Root Cause Analysis for Service Slowdown and Interruption
March 5, 2025
We sincerely apologize for the service issues on March 5th that affected some of our applications. We understand how much your institution relies on our services, and we regret any inconvenience this may have caused. Below, we’d like to provide details on what happened and the steps we are taking to prevent future occurrences.
At approximately 10:00am PST on March 5, 2025, we started receiving alarms indicating a rapid increase in the failure rate of students starting and completing the pre-exam steps in Respondus Monitor. However, everything appeared normal in the application servers in terms of processing requests, server load, memory usage, and thread and connection counts. Requests were serviced without errors and within our maximum target of 250ms response time.
But while all health checks within the AWS environment indicated the servers were healthy and operating normally, we began receiving alerts from monitoring services that run external to AWS showing elevated response times and intermittent failures.

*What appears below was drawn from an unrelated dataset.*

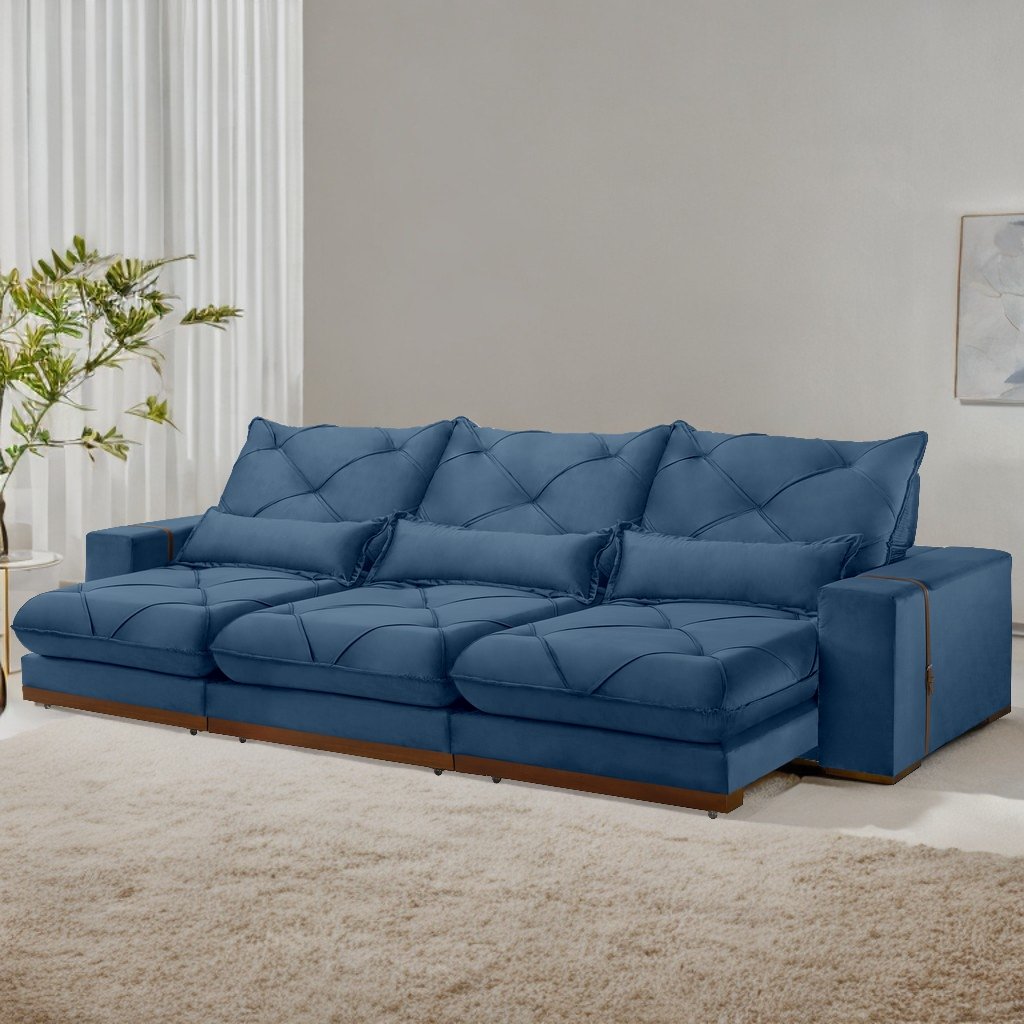 Sofá Retrátil e Reclinável Bahia 3,50 m Veludo Azul – A&D ESTOFADOS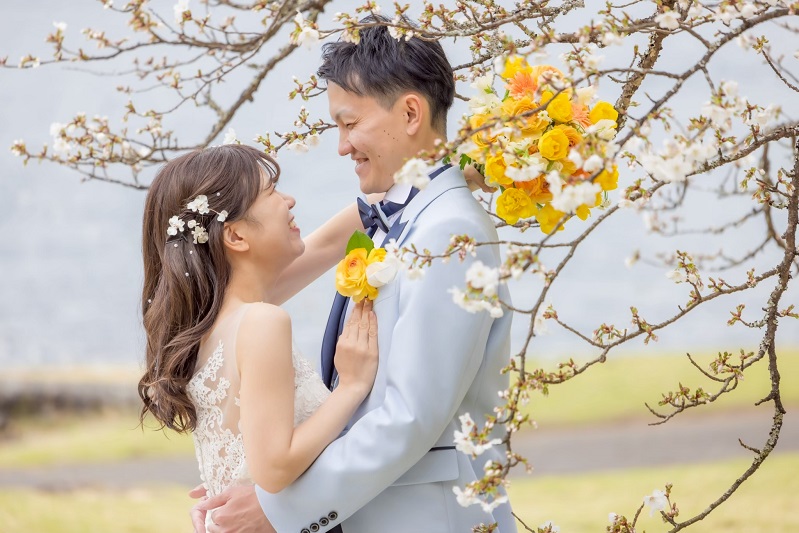 それから、日程はご家族様ともご相談頂き、会場はお休みの日に一度ご見学をしていただき、桜が咲く季節の4月に【箱根神社挙式+龍宮殿】での箱根神社Weddingを行うことが決まりました。また、和装だけではなく、ウェディングドレスも着たいというご新婦様の希望を叶える為に、パーティー途中、お色直しは洋装で行う事になりました。4月が私も楽しみでお2人の結婚式は何をご提案しようとわくわくした想い出があります。

We then focused on the AWS load balancer service (ALB) which distributes incoming traffic to the application servers. This service is fully managed by AWS, and hence, we don’t have good insight into the health of the appliance, nor can we restart the nodes, etc. After examining the access logs for the load balancer, we saw a very high number of Error 460 entries, which according to the AWS documentation means:
"Client errors are generated when requests are malformed or incomplete. These requests were not received by the target, other than in the case where the load balancer returns an HTTP 460 error code. This count does not include any response codes generated by the targets."
Our initial thought was that a DDoS attack was flooding the load balancer with malformed packets. But this was quickly ruled out because the requests associated with the errors looked normal in the access logs. Additionally, our Global Accelerator endpoints are protected by AWS Shield, which should stop network layer attacks before they reach the load balancer. However, this explained why the application servers appeared to be operating normally – because a large percentage of requests were not reaching them.
Engineers at AWS said the 460 errors would also occur if the client (LockDown Browser) closes the connection before the load balancer sends the response. This seemed implausible because there hadn’t been recent updates to the client applications. Moreover, such an issue would emerge gradually – over days or weeks – based on how we introduce new releases. This event escalated in minutes.
Concurrently with our investigation, we performed two rolling restarts of the application servers which didn't result in much improvement. Given these symptoms, we suspected the issue might be with the load balancer service itself. We decided to terminate all application servers at once (to fully scale down the load balancer) and then launch new application servers (to scale up the load balancer, but on different nodes).
This had the immediate effect of restoring the service, and our initial theory was that the load balancer had gotten into a bad state. After further investigation, however, we determined the problem wasn’t with the load balancer. The root cause was that a bandwidth limit had been reached on the elastic network interfaces attached to the application server instances, resulting in a bottleneck that continued to grow in the early stages as failed requests were retried.
This service event primarily entailed slowdowns in request responses and intermittent failures. Once students entered an exam, this event would not have affected them until after the exam was submitted on the learning system. At that point, students may have experienced delays or failures as they attempted to exit the Respondus Monitor system. The only time there was a complete outage was when everything was shut down for a few minutes to restart the entire service.
We have since performed a detailed analysis of the event and have configured new alarms that trigger auto-scaling of application servers before the network bandwidth limit is reached. We have also increased the minimum number of application servers which will smooth the opening minutes of a massive autoscaling event.
Finally, we also want to note that the StudyMate Campus service was similarly affected during this event, as were users trying to start exams using the Chromebook version of LockDown Browser. In the latter case, the impact was due to how the Chromebook extension retrieves settings at startup.